Charade written and then adapted for the big
screen by Peter Stone
With Audrey Hepburn, Walter Matthau and Cary
Grant
A different
version of this note and thoughts on other books are available at:
- https://www.youtube.com/playlist?list=PLEVa4_CsRStSBBDo4uJWT8BSWtTTn0N1E
and
http://realini.blogspot.ro/
This film
is included by scholars as one of the best films ever made:
The cast is
fabulous, with Walter Matthau, one of my favorite actors in an unusual role,
the only one that I know of its kind.
On second
thought, the lines are interesting, the humor is dry, simple and outré, but
without the proper acting it could hit a wall.
Audrey Hepburn
reminds me of her role in Breakfast of Tiffany’s and perhaps Roman Holliday,
with her royal presence.
-
Reggie
Lampert: You're blocking my view.
-
Peter
Joshua: Ohh... which view would you prefer?
-
Reggie
Lampert: The one you're blocking.
Reggie Lampert
is Audrey Hepburn or the other way around and this is one of the first
dialogues she has with the personage played by Cary Grant.
She is both
sophisticated and naïve, aristocratic but also rather credulous, or is it just
in love with a man who keeps changing names.
Three people
are chasing after a quarter of a million dollars, if we do not include
Bartholomew and Peter Joshua.
They have
been in the same team with Charles Dyle, who has recently died, or so we think
and taken a loot from the Nazis.
Dyle has
run away with the treasure and the former team mates are now focusing on the
widow- Reggie Lampert.
But she
does not know anything, the few belongings that she received contain nothing of
value and she tells the villains.
Only they
would not take her answers to be real and try to press her and even blackmail
the young woman.
Reggie relies
on Peter Joshua, then on alexander Dyle and eventually Adam Canfield to protect
her from dangerous adversaries only…
-
Reggie
Lampert: So it's goodbye Alexander Dyle and welcome home Peter Joshua.
-
Adam
Canfield: [shakes his head] Sorry the name is Adam Canfield.
-
Reggie
Lampert: Adam Canfield?

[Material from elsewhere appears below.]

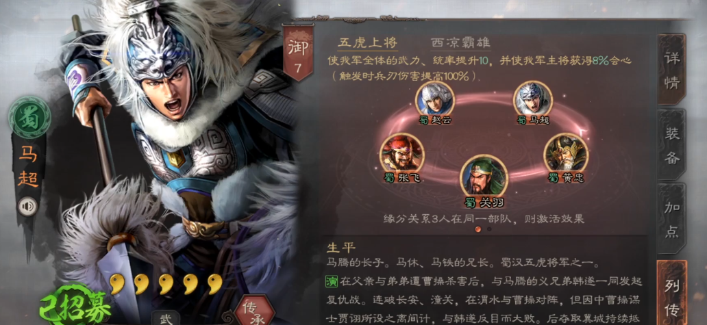 马超作为蜀国五虎上将之一,在游戏中定位为强力物理输出武将,其自带战法槊血纵横能提供稳定的群体伤害。该战法在战斗中提升自身武力属性并赋予群攻状态,担任主将时群攻效果进一步增强。由于马超的伤害机制依赖普通攻击触发,因此战法搭配需围绕连击和群攻展开,例如兵锋、强攻等连击类战法可显著提升输出效率,而一骑当千等突击战法则能补充爆发伤害。

Wonderful! Do you realize you've had three names in the
past two days? I don't even know who I'm talking to anymore!
And to
complicate matters even more, Reggie has established contact with a diplomat at
the American Embassy.
Mr.
Bartholomew is played excellently by Walter Matthau, who is not in a comedy
here, even if jocularity is frequently used.
And the American
official is warning Reggie on the identity of Peter/Alexander/Adam who is a
known criminal.
Actually, this
is what he claims, whenever he changes name and explains that he cannot be
interested more in Reggie than the quarter million…
-
Or
can he?
Throughout the
film, I was somewhat annoyed by the naiveté of the heroine, who loves a man
that keeps changing names, lies, justifications.
But then…
-
‘The course of true love never did run smooth’
There are
complications, murders, Reggie Lampert is chased and does not know who to trust
anymore.
Indeed, the
audience must feel compassion for a woman who is surrounded by enemies and she
has no idea about the whereabouts of the money.
Furthermore,
the man she loves is not interested in her- for a good while I thought he might
be gay- and even seems to be after the same thing.
It must be
terrifying to fear for one’s life, especially when there are harden criminals
who want your money or your life…
In most
cases both, because they want no witnesses.